Scrapping bankers’ bonus cap is a return to global norms, says City minister
City minister Andrew Griffith said today that scrapping the bankers’ bonus cap would realign Britain with global financial norms, as he faced questions from MPs in parliament about the government’s so-called Edinburgh Reforms.
Discussing bankers’ bonuses, Griffith said “we have departed from global norms… the global competitive set do not have this (bonus cap).”
London, Griffith said, was hit even harder by the cap on bonuses than the rest of Europe because more international banks have bases in London.
The bonus cap was introduced by the EU after the financial crisis, coming into force in 2014. Critics of the cap say it has actually increased bankers’ total pay, as banks simply increased basic pay to attract talent.
Griffith said there was little risk that scrapping the cap would lead to big bonuses on top of already elevated pay.
“Because there is a global market here, it is the global market that will ultimately set compensation. We probably don’t take too much of a risk… of going back to high fixed pay and then a bonus on top of that,” Griffith said.

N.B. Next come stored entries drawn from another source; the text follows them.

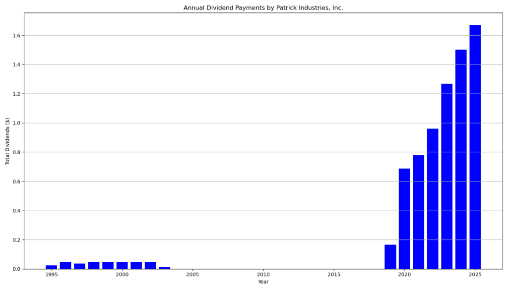 Patrick Industries zahlt seit sechs Jahren ohne Unterbrechung Dividenden und weist ebenso sechs aufeinanderfolgende Jahre mit Dividendenwachstum auf. Seit dem Wiederaufbau der Dividendenpolitik ab 2019 hat das Unternehmen die Ausschüttung mehrfach deutlich angehoben. Allein zwischen 2020 und Ende 2025 stieg die Quartalsdividende von 0,17 $ auf 0,47 $. Diese Entwicklung entspricht einer hohen durchschnittlichen Wachstumsrate, auch wenn die Dynamik zuletzt abgeflacht ist.
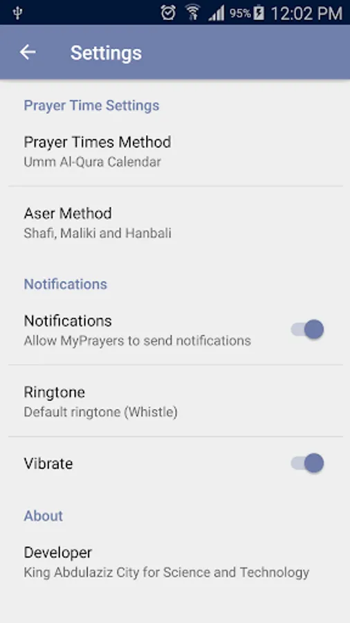 MyPrayers application for Android is developed by King Abdul-Aziz City for Science and Technology.
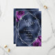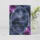 Det moderna bröllop spara datum-kortet i elegant har ett silver-geometriskt ram som är dekorerat med plum lila och silver blommigt bouquets på en marin blå faux foil bakgrund. I anpassadet kombineras silver grått med fysisk handskrift, tryckplåt och kursivt typsnitt. Den omvända sidan upprepar den blå foliebilden.
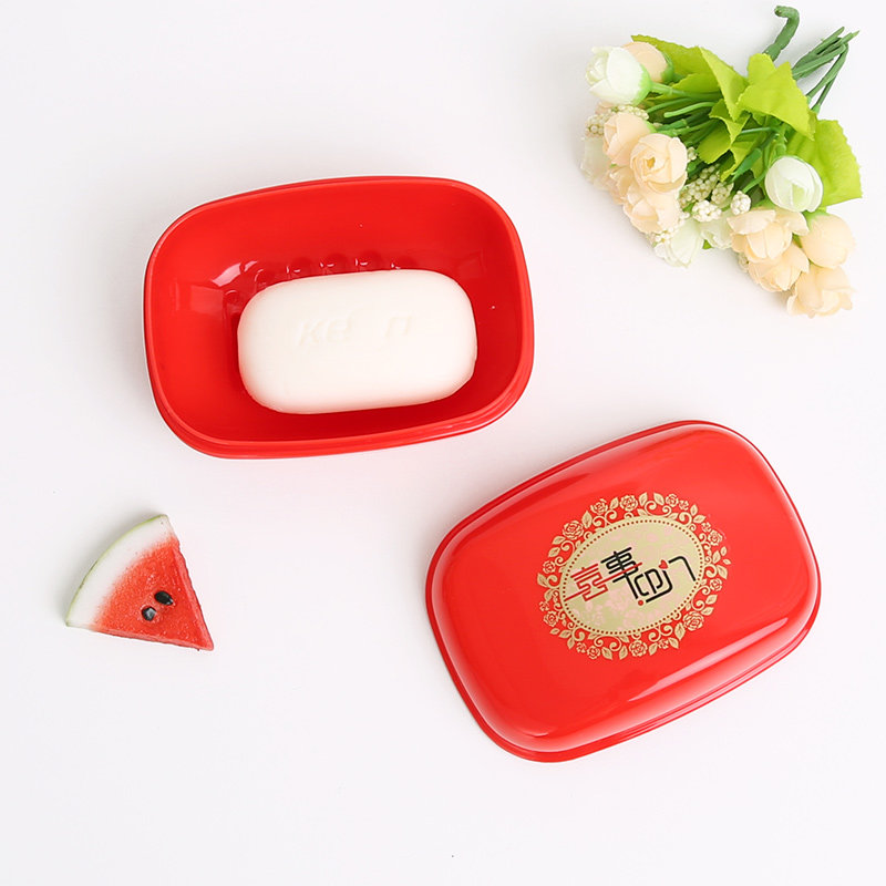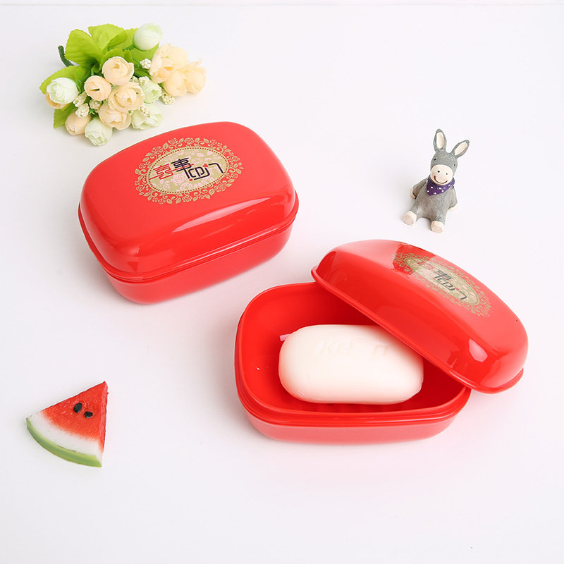 2 Festive Soap Boxes Plastic Soap Cartridges Cap Big Soap Rack Red Wedding Leachate Dressing Room Laundry Soap

The lifting on the cap forms part of the wider Edinburgh Reforms – a package of over 30 reforms designed to free-up the UK’s financial services sector and boost growth – that were announced in early December. Griffith said that turning these announcements into policies, which he said would benefit the wider economy, was “top of our to do list”.
The government trailed the reforms as a part of capitalising on Brexit freedoms. The UK would not have been able to lift the cap on bonuses if it were still in the UK.
However, Chair of the Treasury Committee, Harriet Baldwin, pointed out that a majority of the Edinburgh Reforms were unrelated to the UK’s prior membership of the EU.
“We estimate that about eighteen of them (reforms) have absolutely nothing to do with the UK leaving the European Union. About twelve of them are linked to changes we can now make”, Baldwin said.
“I think that’s about right”, Griffith replied.
One of the other reforms discussed in the committee was ring-fencing. Ring-fencing separates retail banking from riskier forms of banking. It was introduced in the wake of the 2008 financial crisis to insulate retail banking from shocks originating elsewhere.
Griffith reassured MPs that the proposed changes to ring-fencing don’t “dismantle or dismember” the objectives of the original regime.
He said the government had taken a “cautious approach” going forward, which would take into account “the changes in the financial system since 2008”, but added that there would be “no race to the bottom and no bonfire of controls”.
When pressed on why the government proposed increasing the threshold at which ring-fencing applied from £25bn to £35bn, one of the largest changes to the existing regime, Griffith said it was to avoid the “equivalent of fiscal drag for banks”, as asset values have continued to rise.